Russian-American fashion designer (1913–2006)

Oleg Cassini (11 April 1913 - 17 March 2006) was a fashion designer born to an aristocratic Russian family with maternal Italian ancestry. He came to the United States as a young man after launching his career as a designer in Rome, and quickly secured a position with Paramount Pictures. Cassini established his reputation by designing for films.

He became particularly well known as a designer for Jacqueline Kennedy while she was First Lady of the United States. The "Jackie Look" was to become highly influential and much admired. Among Cassini's inspirations were sports and Native American culture.

==Early life==
He was born in Paris as Oleg Aleksandrovich Loiewski, the elder son of Countess Marguerite Cassini and her husband Count Alexander Loiewski, a Russian diplomat, thereby obtaining the title of Count. His maternal grandfather Arthur Paul Nicholas Cassini, Marquis de Capuzzuchi di Bologna, Count Cassini, had been the Russian ambassador to the United States during the administrations of William McKinley and Theodore Roosevelt. Count Arthur Cassini signed the treaty ending the war between Japan and China. His mother's family claimed Italian astronomer Giovanni Domenico Cassini as an ancestor. In 1918, the Russian Revolution caused the Loiewski family to flee for their lives, leaving behind their wealth, lands, and homes. As a young child, Oleg saw his cousin shot to death. The family arrived in Denmark and then relocated to Switzerland. The Greek Royal family invited them to Greece, but while traveling through Italy, a revolution also began in Greece. They got off the train in Florence, eventually settling there. In Italy, the children started using the surname of Cassini.
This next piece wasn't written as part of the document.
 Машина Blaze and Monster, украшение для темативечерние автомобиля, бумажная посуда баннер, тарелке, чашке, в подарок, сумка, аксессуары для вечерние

In his early youth, Cassini suffered a significant accident, almost losing his leg. He spent nearly a year in bed recovering, during which time he studied history and read extensively, including works by American James Fenimore Cooper. He developed a love of history and the mysticism of Native American tribes. He also discovered American culture through the movies from the United States that were shown in Italy.
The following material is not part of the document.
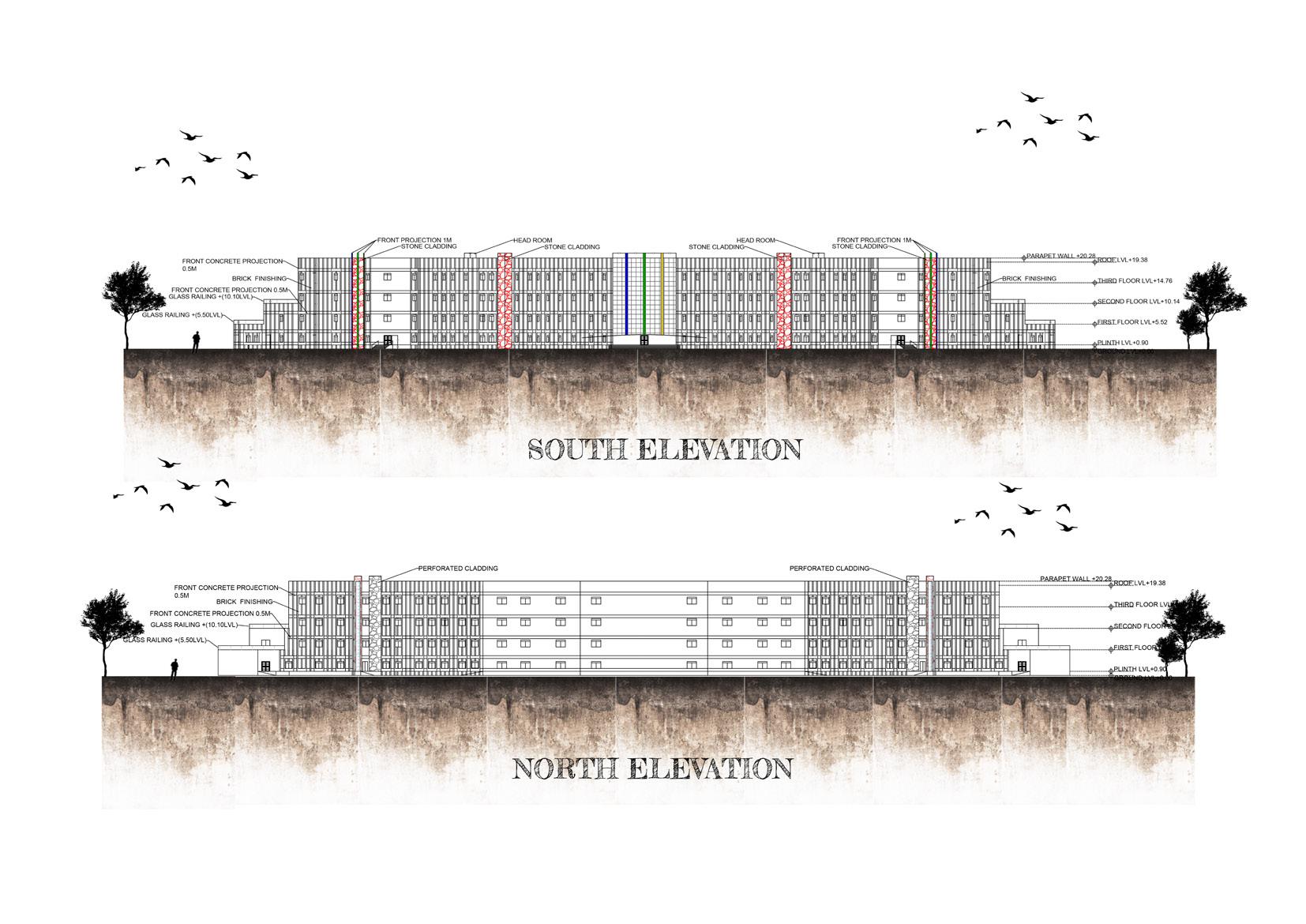 ELEVATION CONSULTATION ROOM OPERATION THEATER ROOMS WARD ROOMS WARD ROOMS PENT HOUSE +1'6" PROJECTION +4.5" PROJECTION TERRACE FLOOR FOURTH FLOOR THIRD FLOOR SECOND FLOOR FIRST FLOOR GROUND FLOOR ROAD LEVEL BASEMENT FLOOR

When he started school, Oleg had to learn Italian, but he already knew Russian, French, and Danish. His mother, Marguerite Cassini, founded her fashion house in Florence, gaining American clients through acquaintances she had made in Washington, D.C., as the daughter of Count Arthur Cassini.

Cassini played soccer with the teenage team, the "Boys" of Fiorentina, and was a member of the university track and ski teams. He also played tennis for the Italian Jr. Davis Cup team, becoming Italian Jr. Champion.

===Education===

My Preoccupation is to make women look beautiful.
— – Time, 2005

Cassini studied political science at the University of Florence and became an accomplished equestrian. He studied fine art under painter Giorgio de Chirico at the Accademia di Belle Arti Firenze. Eventually he started in fashion, studying under the French couturier, Jean Patou. Cassini won a number of international fashion competitions in Turin, including five first prizes in Mostra Della Moda for sketches and Most Creative Presentation for an evening dress painted in dramatic colors on silver foil, garnering a prize of 5,000 lire. Cassini opened his own boutique in Rome and designed for the local film industry as well as Roman society.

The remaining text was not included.